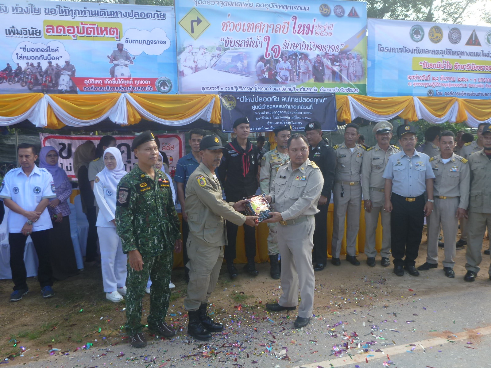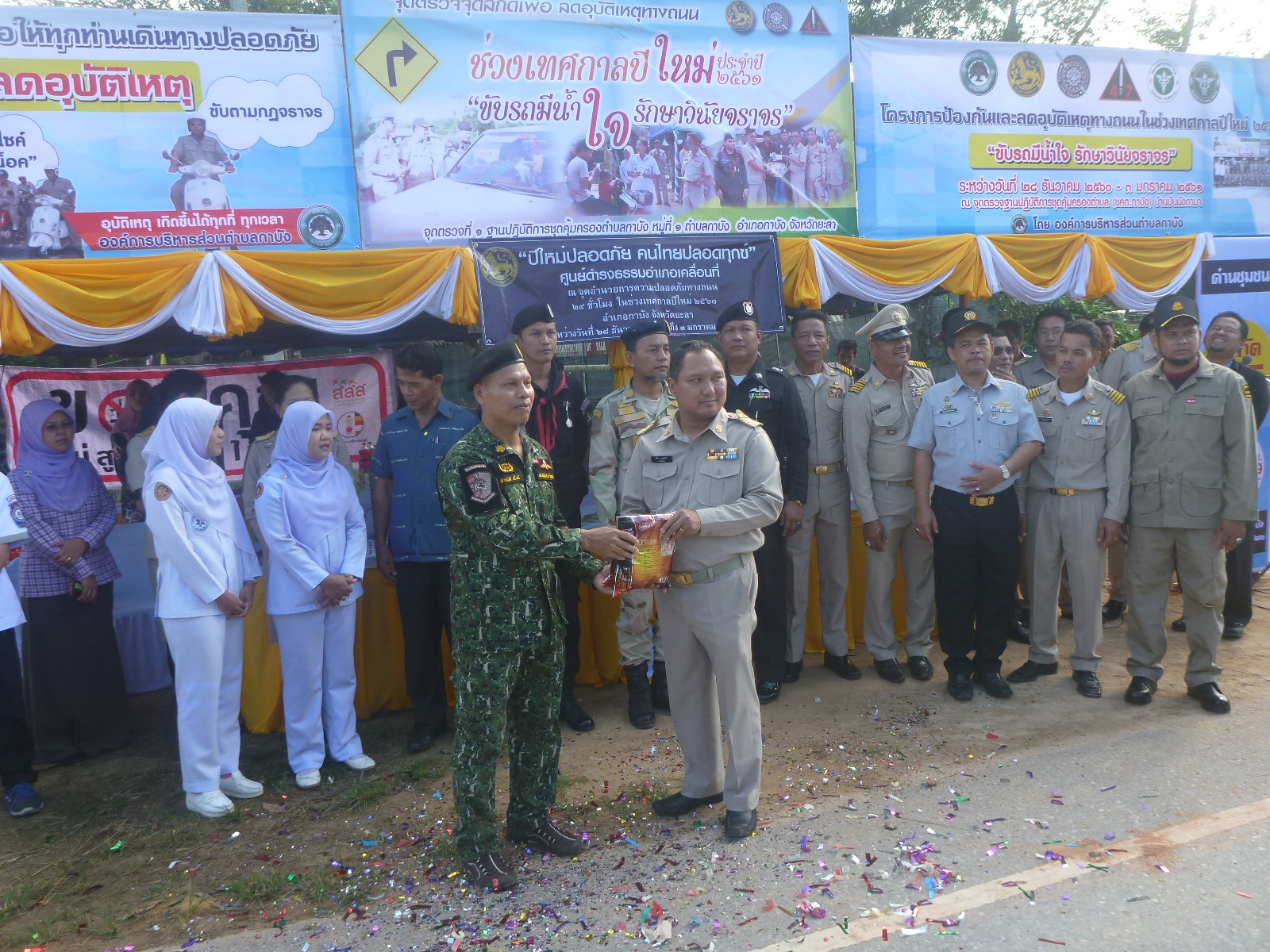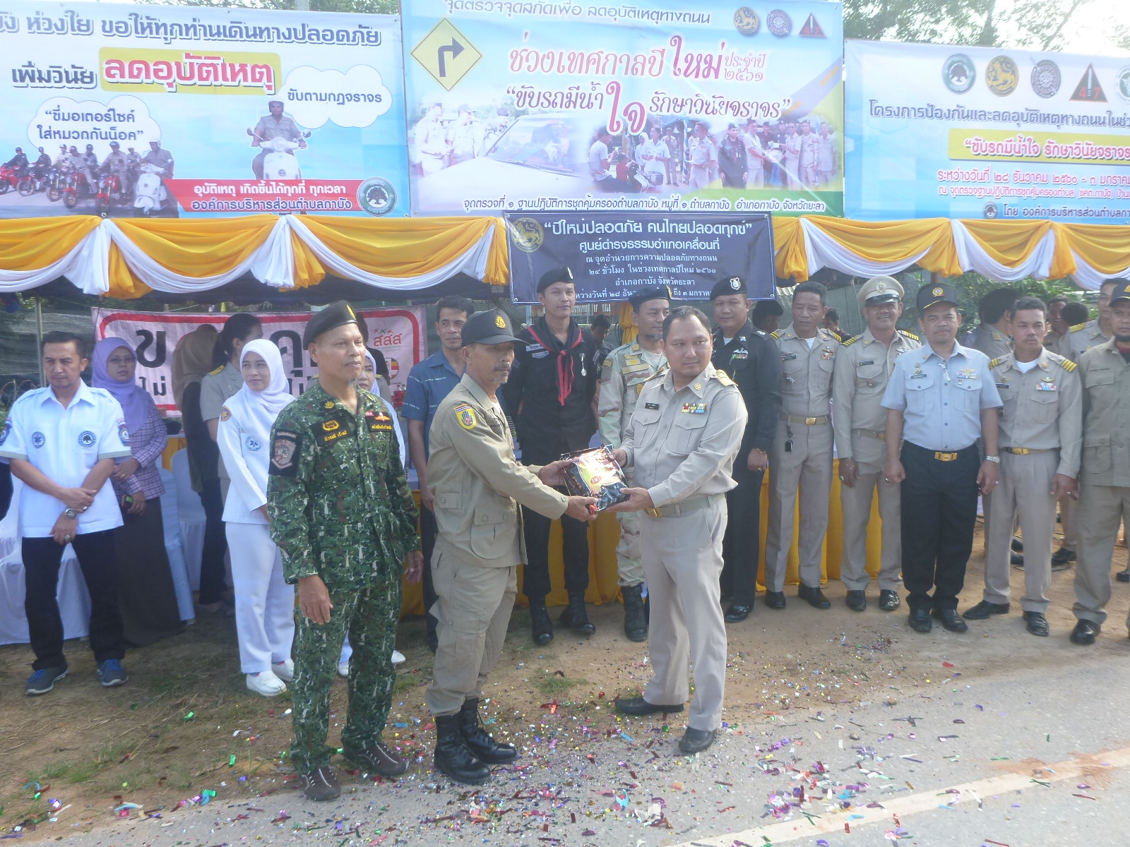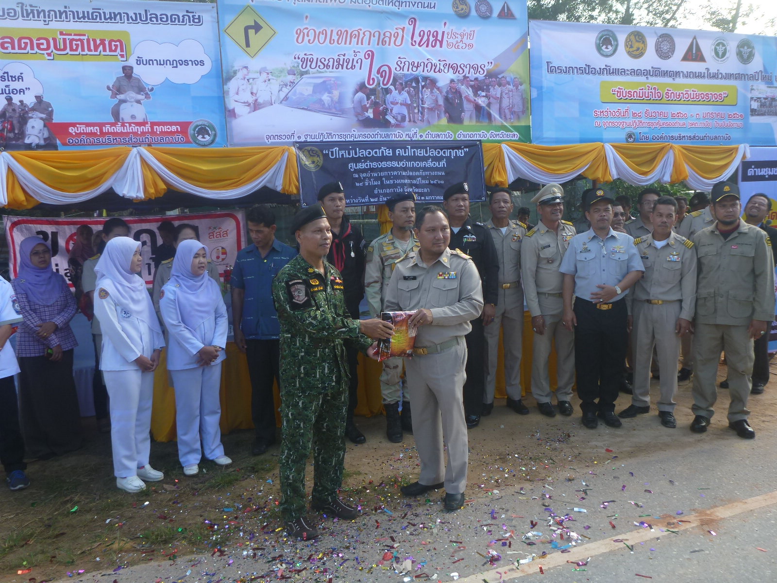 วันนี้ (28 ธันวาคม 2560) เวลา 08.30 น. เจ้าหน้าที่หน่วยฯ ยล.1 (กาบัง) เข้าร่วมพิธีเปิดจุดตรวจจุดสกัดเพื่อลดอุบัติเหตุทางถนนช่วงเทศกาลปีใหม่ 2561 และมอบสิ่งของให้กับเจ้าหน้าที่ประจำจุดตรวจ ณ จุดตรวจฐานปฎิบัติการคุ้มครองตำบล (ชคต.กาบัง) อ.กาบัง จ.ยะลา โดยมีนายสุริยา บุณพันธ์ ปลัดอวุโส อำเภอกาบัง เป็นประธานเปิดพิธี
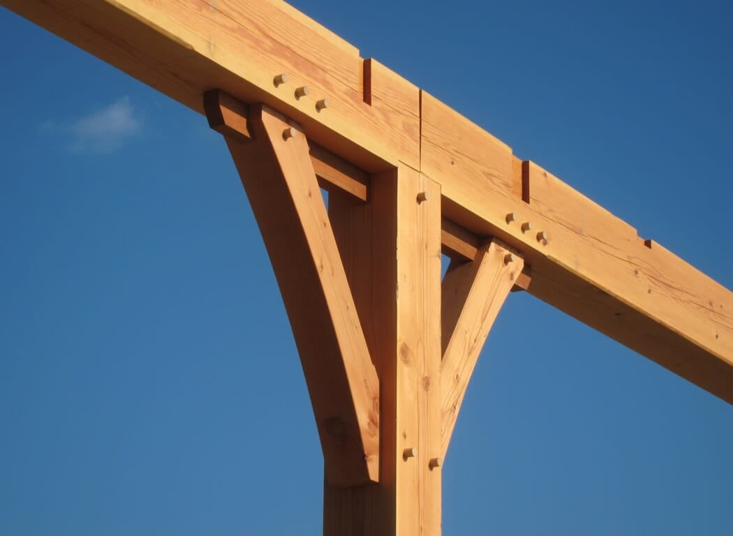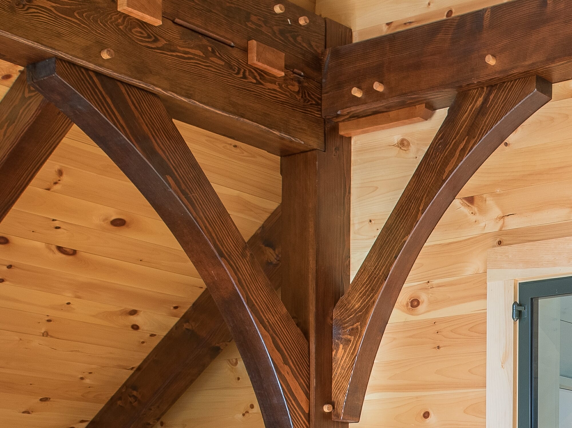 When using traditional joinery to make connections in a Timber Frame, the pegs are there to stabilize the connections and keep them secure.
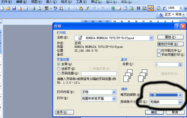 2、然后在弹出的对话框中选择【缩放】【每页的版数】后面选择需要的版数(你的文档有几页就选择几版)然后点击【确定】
* * * * *
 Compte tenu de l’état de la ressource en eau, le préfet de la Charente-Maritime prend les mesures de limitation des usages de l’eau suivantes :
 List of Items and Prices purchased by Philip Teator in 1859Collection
* * * * *
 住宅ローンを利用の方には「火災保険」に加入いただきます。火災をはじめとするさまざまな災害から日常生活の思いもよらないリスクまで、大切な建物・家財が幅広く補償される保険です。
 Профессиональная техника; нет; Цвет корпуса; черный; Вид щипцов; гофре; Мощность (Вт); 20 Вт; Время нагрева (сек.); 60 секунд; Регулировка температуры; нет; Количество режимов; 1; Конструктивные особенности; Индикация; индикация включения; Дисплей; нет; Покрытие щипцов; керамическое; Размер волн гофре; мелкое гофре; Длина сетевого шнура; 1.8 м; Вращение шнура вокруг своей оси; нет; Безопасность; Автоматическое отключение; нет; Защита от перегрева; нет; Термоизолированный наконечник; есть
* * * * *
> **Task requirements**:
What's needed is an exact copy of the records above from the line containing "When using traditional" down to the line containing "2、然后在弹出的对话框中选择", both included, without any pictures.

> **The answer**:
 When using traditional joinery to make connections in a Timber Frame, the pegs are there to stabilize the connections and keep them secure.
 2、然后在弹出的对话框中选择【缩放】【每页的版数】后面选择需要的版数(你的文档有几页就选择几版)然后点击【确定】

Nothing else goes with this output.